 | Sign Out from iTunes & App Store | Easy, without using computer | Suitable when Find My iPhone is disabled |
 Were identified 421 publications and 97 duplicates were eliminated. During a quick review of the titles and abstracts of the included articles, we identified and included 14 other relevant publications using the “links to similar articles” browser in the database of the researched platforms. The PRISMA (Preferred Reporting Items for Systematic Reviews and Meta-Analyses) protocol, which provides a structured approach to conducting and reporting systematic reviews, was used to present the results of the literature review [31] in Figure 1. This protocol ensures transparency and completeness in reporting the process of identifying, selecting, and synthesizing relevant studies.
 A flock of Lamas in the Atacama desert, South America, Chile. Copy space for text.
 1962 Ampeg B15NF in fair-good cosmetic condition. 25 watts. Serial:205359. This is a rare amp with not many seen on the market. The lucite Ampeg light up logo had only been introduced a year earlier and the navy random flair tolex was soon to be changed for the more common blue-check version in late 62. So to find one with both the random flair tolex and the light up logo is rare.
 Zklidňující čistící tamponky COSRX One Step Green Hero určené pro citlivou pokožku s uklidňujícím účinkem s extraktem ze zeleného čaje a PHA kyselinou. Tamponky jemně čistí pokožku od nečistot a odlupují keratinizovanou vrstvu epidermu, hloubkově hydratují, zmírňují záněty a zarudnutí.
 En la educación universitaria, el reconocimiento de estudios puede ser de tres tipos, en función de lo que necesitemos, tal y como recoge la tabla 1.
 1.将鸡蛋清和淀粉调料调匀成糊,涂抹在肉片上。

_ _ _

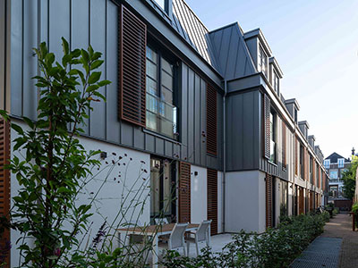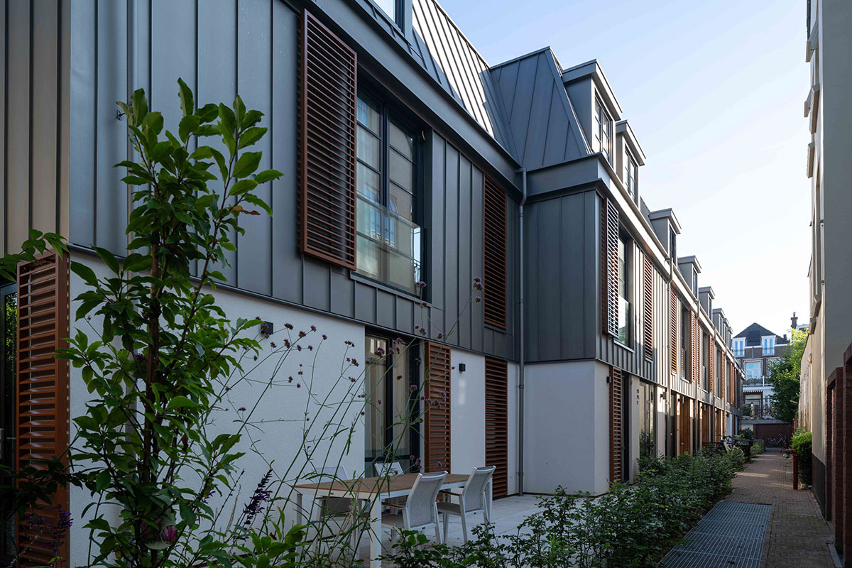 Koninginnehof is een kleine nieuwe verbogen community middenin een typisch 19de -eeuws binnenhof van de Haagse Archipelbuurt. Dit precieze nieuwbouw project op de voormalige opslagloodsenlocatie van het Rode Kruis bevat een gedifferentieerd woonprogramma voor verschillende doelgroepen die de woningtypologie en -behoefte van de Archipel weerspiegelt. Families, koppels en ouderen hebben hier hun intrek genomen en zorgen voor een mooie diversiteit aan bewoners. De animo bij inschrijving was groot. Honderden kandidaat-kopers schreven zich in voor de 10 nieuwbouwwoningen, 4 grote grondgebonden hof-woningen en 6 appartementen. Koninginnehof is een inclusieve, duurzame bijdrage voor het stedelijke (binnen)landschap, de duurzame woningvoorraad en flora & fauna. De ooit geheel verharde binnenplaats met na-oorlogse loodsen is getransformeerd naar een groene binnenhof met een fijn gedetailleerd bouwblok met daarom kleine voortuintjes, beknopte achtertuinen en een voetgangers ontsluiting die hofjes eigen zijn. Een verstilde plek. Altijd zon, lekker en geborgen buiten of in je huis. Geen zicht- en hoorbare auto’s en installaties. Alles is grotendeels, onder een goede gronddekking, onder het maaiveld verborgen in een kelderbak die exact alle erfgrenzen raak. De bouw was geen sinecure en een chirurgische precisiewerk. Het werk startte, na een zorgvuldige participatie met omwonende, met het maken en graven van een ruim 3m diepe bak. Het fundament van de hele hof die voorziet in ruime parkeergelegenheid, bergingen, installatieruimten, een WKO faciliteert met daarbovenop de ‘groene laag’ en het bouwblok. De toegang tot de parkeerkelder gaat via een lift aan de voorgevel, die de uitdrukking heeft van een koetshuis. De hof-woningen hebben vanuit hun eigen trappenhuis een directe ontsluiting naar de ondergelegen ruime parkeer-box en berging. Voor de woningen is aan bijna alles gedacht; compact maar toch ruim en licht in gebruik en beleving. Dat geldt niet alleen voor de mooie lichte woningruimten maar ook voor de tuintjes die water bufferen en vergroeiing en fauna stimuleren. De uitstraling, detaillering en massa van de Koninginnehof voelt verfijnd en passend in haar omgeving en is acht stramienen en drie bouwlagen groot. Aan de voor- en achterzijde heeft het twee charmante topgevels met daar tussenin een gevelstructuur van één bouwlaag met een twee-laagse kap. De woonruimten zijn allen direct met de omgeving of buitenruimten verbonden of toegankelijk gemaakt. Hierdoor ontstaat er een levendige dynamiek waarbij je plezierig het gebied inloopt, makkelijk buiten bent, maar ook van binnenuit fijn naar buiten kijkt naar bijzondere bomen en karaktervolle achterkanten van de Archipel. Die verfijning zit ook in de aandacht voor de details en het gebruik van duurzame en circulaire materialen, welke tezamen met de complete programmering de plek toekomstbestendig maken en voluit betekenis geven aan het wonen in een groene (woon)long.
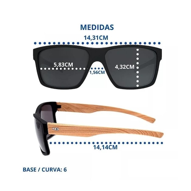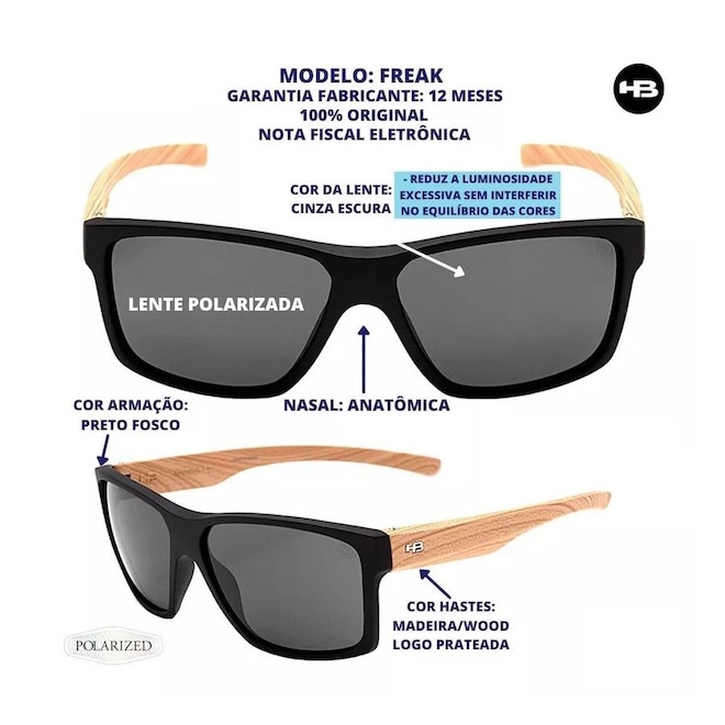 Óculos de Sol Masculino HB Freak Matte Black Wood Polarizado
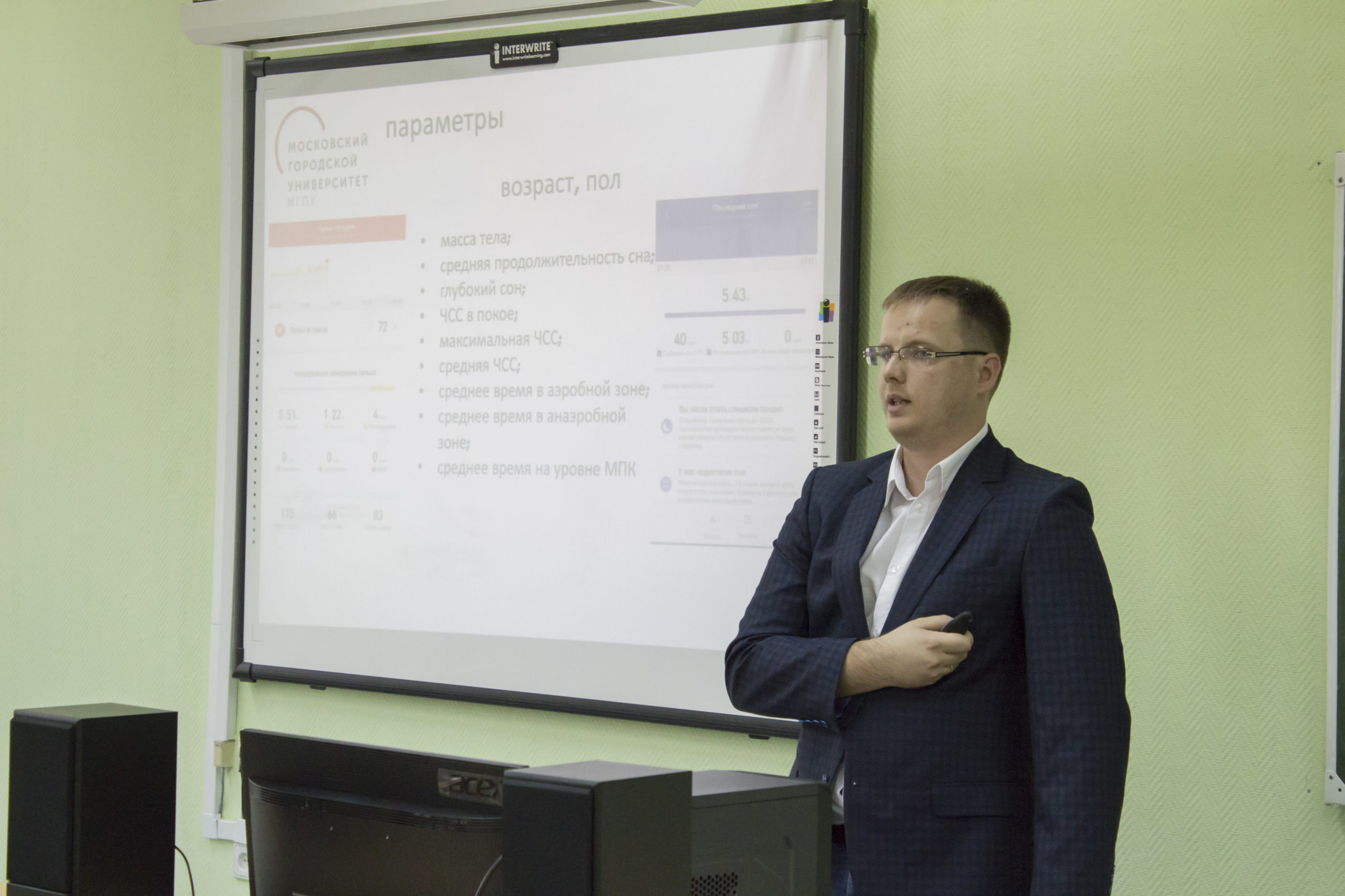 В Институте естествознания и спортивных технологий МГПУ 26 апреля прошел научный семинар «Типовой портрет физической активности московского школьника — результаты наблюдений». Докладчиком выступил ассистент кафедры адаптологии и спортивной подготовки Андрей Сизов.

_ _ _

■ **Task description**: Find the line with "is disabled |" in the entries above. Retype it and each line after it, exactly, through the line with "A flock of Lamas", and stop there.

■ **Output for this task**:
 | Sign Out from iTunes & App Store | Easy, without using computer | Suitable when Find My iPhone is disabled |
 Were identified 421 publications and 97 duplicates were eliminated. During a quick review of the titles and abstracts of the included articles, we identified and included 14 other relevant publications using the “links to similar articles” browser in the database of the researched platforms. The PRISMA (Preferred Reporting Items for Systematic Reviews and Meta-Analyses) protocol, which provides a structured approach to conducting and reporting systematic reviews, was used to present the results of the literature review [31] in Figure 1. This protocol ensures transparency and completeness in reporting the process of identifying, selecting, and synthesizing relevant studies.
 A flock of Lamas in the Atacama desert, South America, Chile. Copy space for text.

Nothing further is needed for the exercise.